What this task involves:
Begin at the first line of the data and copy each line through the one containing "E.C.U. letters album", that line included, with no pictures.

::: Recorded data :::

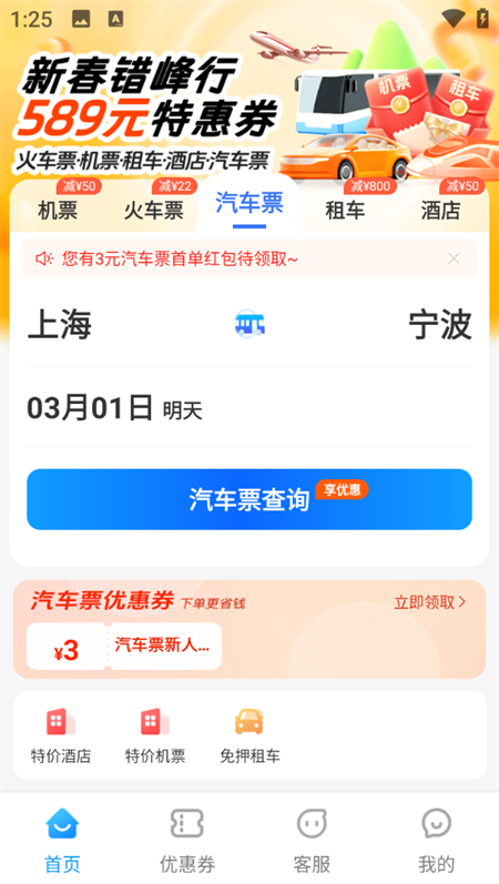 机票低至1折,优惠价机票火车票全覆盖。
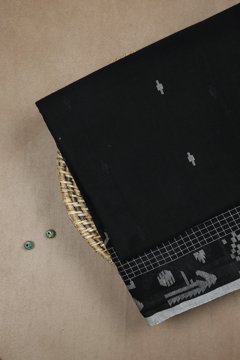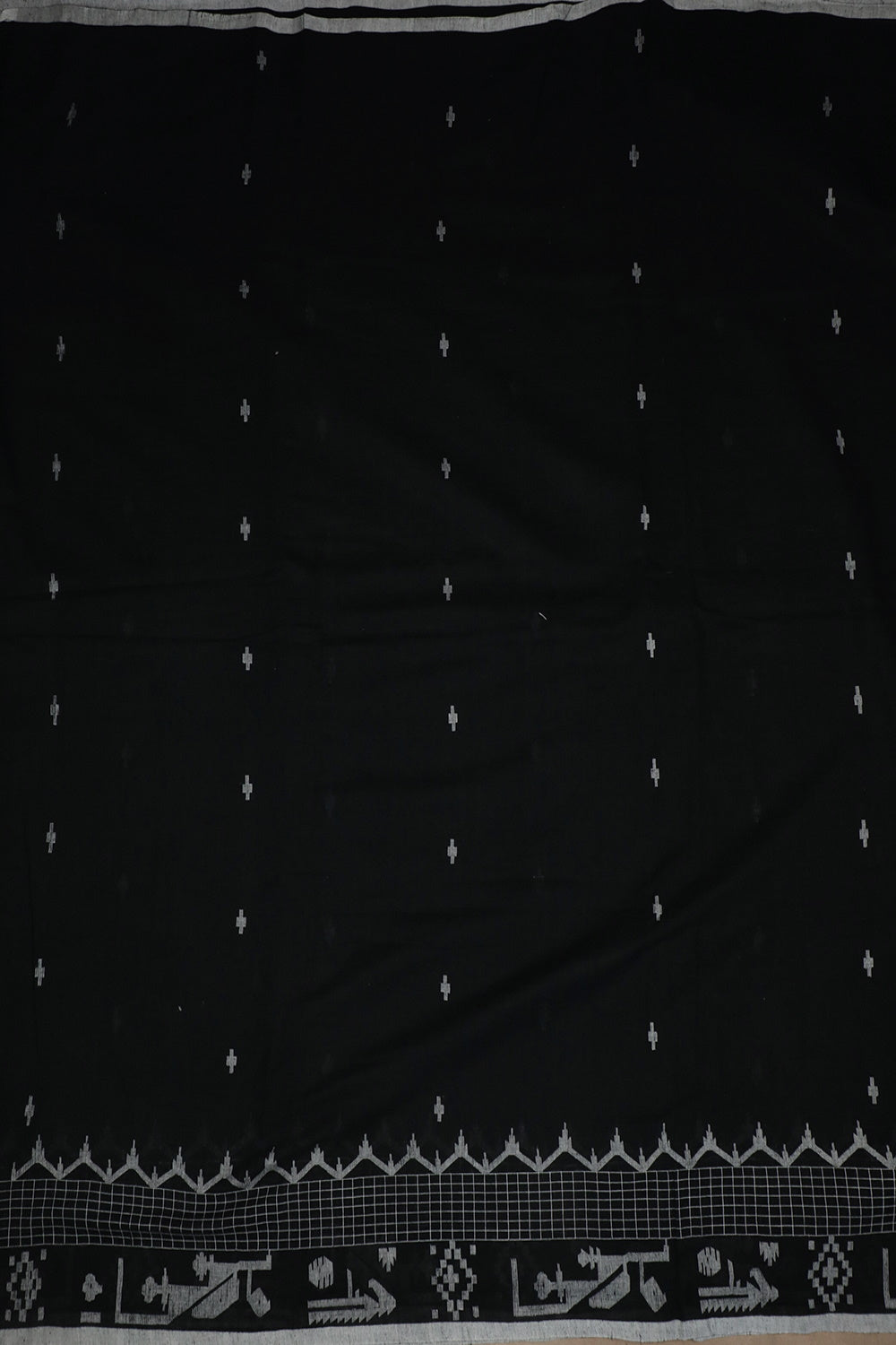 Cream Butta on Black Border Jamdani Cotton Fabric - 1.4m
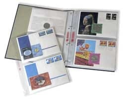 E.C.U. letters album , uitgevoerd met een blauwe band met opdruk. This album has 10 insert sheets, in which you can place 40 letters. This album also has white dividers.
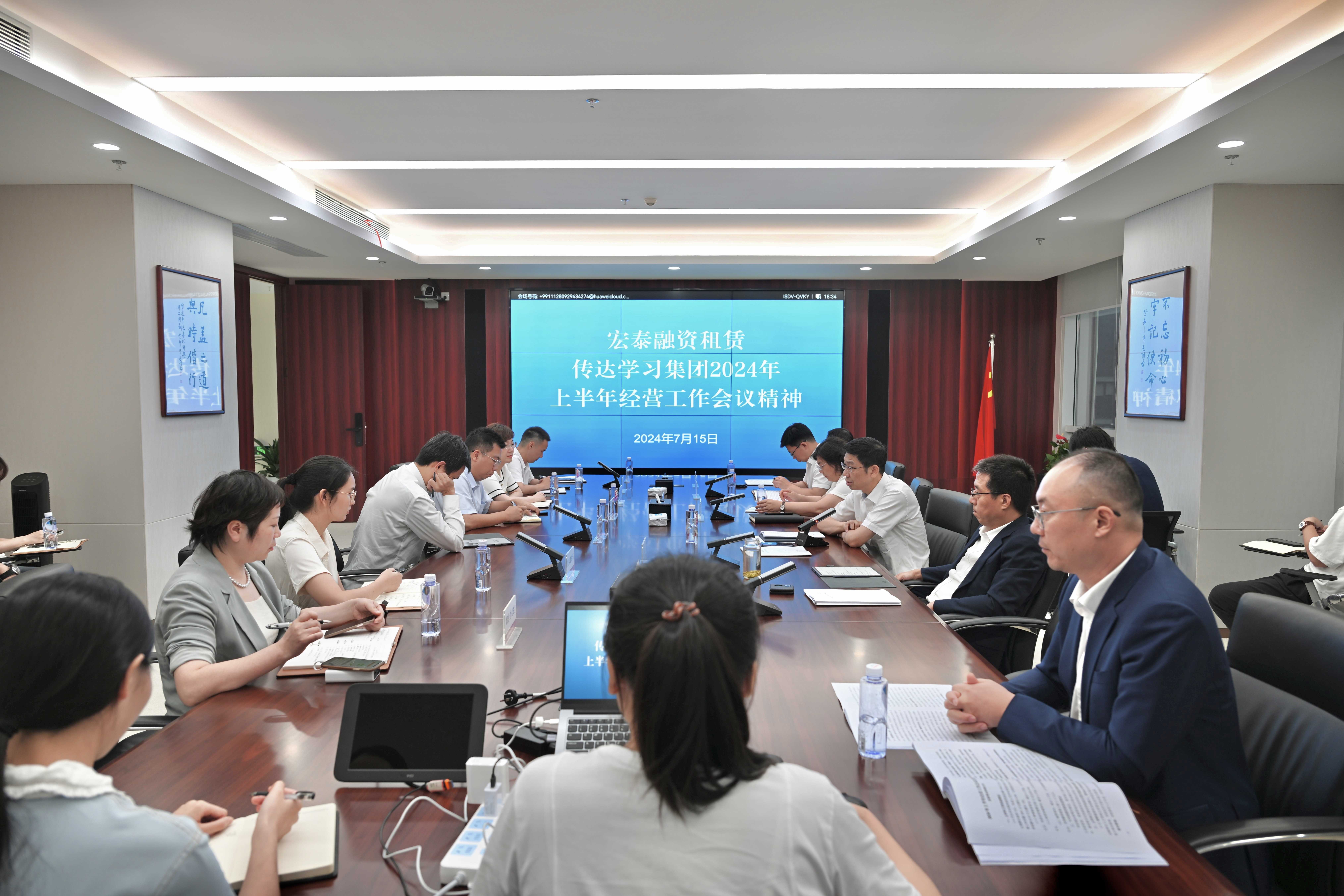7月15日,宏泰融资租赁第一时间召开专题会议,传达学习集团2024年上半年经营工作会议精神并研究部署公司下半年经营工作。公司班子成员及全体干部职工参加会议。

:::

Output:
 机票低至1折,优惠价机票火车票全覆盖。
 Cream Butta on Black Border Jamdani Cotton Fabric - 1.4m
 E.C.U. letters album , uitgevoerd met een blauwe band met opdruk. This album has 10 insert sheets, in which you can place 40 letters. This album also has white dividers.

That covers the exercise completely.